1. Experiment 3a – 8 bands vocoder

Nine new normal-hearing volunteers took part. The [100, 6000] 8-band vocoder was used, and the male (M3) and female (F3) speakers of the CRM corpus were both used. Donkey- or Zebra-speech was presented to the right ear. For each speaker, each condition was repeated 40 times in random order. Note that, as in Experiment 1, two different speakers were used for sake of generalization over speakers rather than to study the effect of voice differences.

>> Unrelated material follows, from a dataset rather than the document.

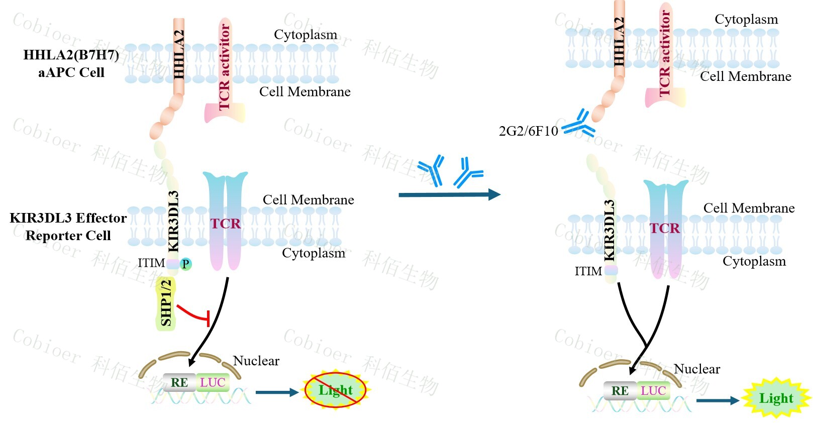 HHLA2(B7H7) aAPC Cell 作為 KIR3DL3 Effector Reporter Cell 或 TMIGD2 Effector Reporter Cell 的靶細(xì)胞 , 很好的模擬了體內(nèi) KIR3DL3/ HHLA2(B7H7) 或TMIGD2/HHLA2(B7H7)的信號轉(zhuǎn)導(dǎo)過程,原理見下圖所示。![]() ![]() Figure 1. HHLA2(B7H7) aAPC Cell 細(xì)胞模型原理圖 |
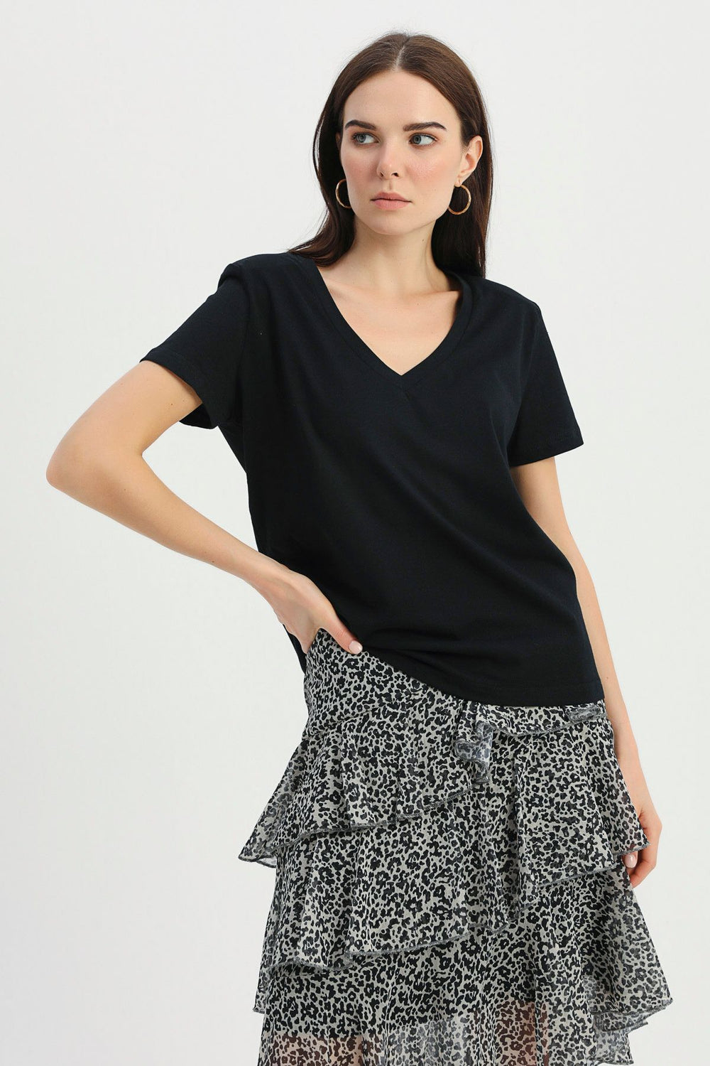 Vatkalı V Yaka Tişört Siyah

2. Experiment 3b – 4 bands vocoder

Twelve normal-hearing volunteers took part. One had also participated in Experiment 2a, and five had participated in other experiments involving noise-vocoded Zebra-speech. The six remaining subjects were new volunteers. The experimental design was identical to that of Experiment 3a, except that the longer training block was used, only the female talker was used, and that the noise-band vocoder was [100, 6000] 4 bands. Each condition was repeated 50 times in random order.

C. Results

Average scores for Experiments 3a and 3b are shown in the left-hand panels of Figs. 7a and 7b, respectively. Individual scores were transformed using the rationalized arcsine method (Studebaker, 1985) then differences between the RAU scores in conditions where a signal was present in the left ear and the reference condition None were computed to obtain a measure of binaural benefit for all the contralateral signals. These benefit scores are shown in the right-hand panels of Figure 7.

Figure 7.

Results for Experiments 3a (top, 8 bands) and 3b (bottom, 4 bands). Left panels: Average scores across subjects and speakers for Donkey-(gray) and Zebra-speech (hatched) for all the binaural conditions. Right panels: Average binaural benefit in RAU scores for Donkey- and Zebra-speech for the three conditions presenting a signal in the left ear, relative to the None condition. The dashed dark gray lines in the top row represent the scores and benefits for the female speaker only.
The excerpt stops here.